That is not what potentially unwanted program means. It simply means it is a program that displays behaviors that may mean it's unwanted by the user.
"A PUP (potentially unwanted program) is a program that may be unwanted, despite the possibility that users consented to download it. PUPs include spyware, adware, and dialers, and are often downloaded in conjunction with a program that the user wants."
A PUP is only a threat if you don't trust the entity who developed it. It is potentially something you didn't want. It doesn't have the potential to turn from something you do want to something you don't. It will be what it is. If you want it now, you'll want it later, unless your wants change. It isn't going to morph into something it isn't already. Our products aren't security risks nor do we put any third party spyware in our install process like a lot of companies do but because they interface with many different parts of the OS many antivirus flag certain .dlls as PUPs sometimes. It's called a false positive. It's very common with a lot of legitimate software.
The kind of behavior you are talking about requires extremely advanced programming and isn't delivered by viruses. It's delivered in rootkits. Feel free to wiki that stuff. Super interesting.
Essentially, you are the head of security and your antivirus is your security staff. Every time your staff runs across something they think is fishy they will come and ask you if they should do anything about it or not. Some staff you can hire are really suspicious. They worry about every little sound they hear, every guest that comes over. Some are a little more lax. They ignore more and bother you less. Some staff make decisions to exclude guests without even asking you, and they do so really quietly. They don't even mention they refused someone access. These usually interfere with installation and use of some safe programs. It's up to you what kind of staff you want to hire. But, at the end of the day you are the head of security. If you know where a guest came from and you trust the person who sent them over then you can tell your security staff they it's ok for them to be on the premises.
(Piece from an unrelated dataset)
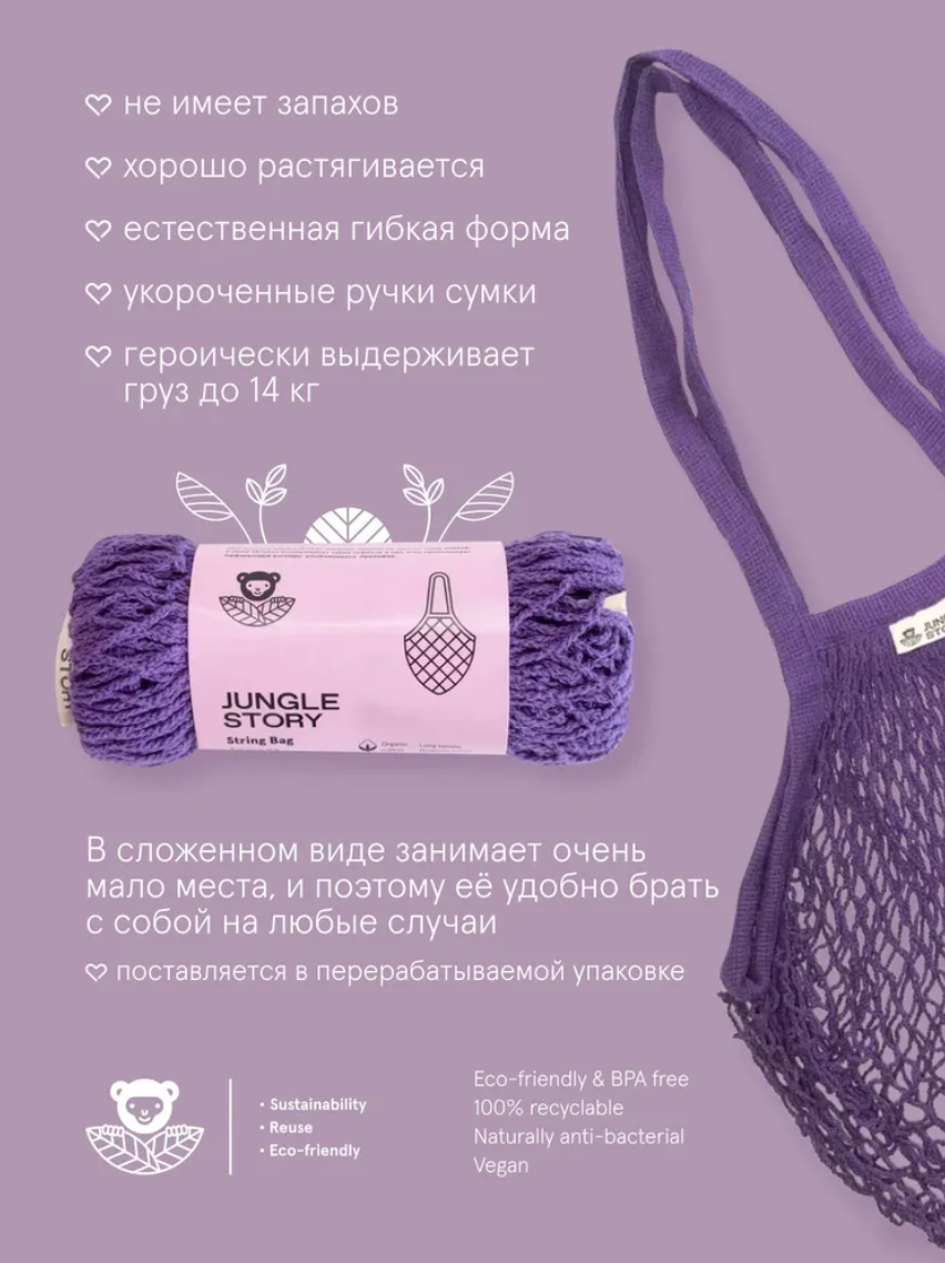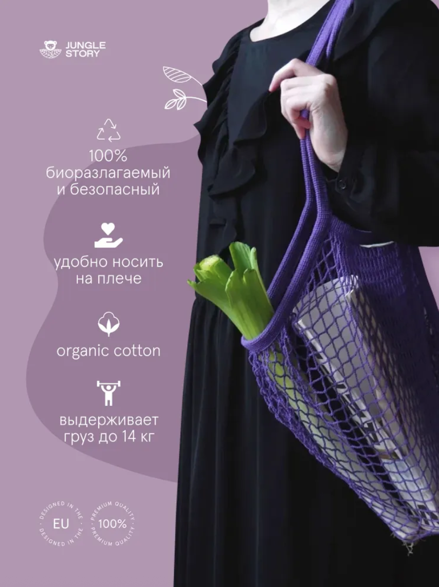 Плетеная сумка многоразового использования изготовлена из биоразлагаемого органического хлопка, что делает её износостойкой и чрезвычайно прочной!

I can say with full confidence that nothing delivered in an install of TurboCAD is a security risk, malware or potentially dangerous. Viruses simply don't work like that. Any contact with Russia is due to the fact that our software is written in Russia by Russian programmers who get all the error reports. They are really nice guys, not criminals. I talk to them often. Dave Taylor just got back from visiting them for a week about a month ago. They aren't dropping zero day exploits in the software or anything like that. Besides, if the Ruskies wanted to infiltrate US cyber defenses using a CAD program it wouldn't be TurboCAD. AutoDesk has a lock on the infrastructure market.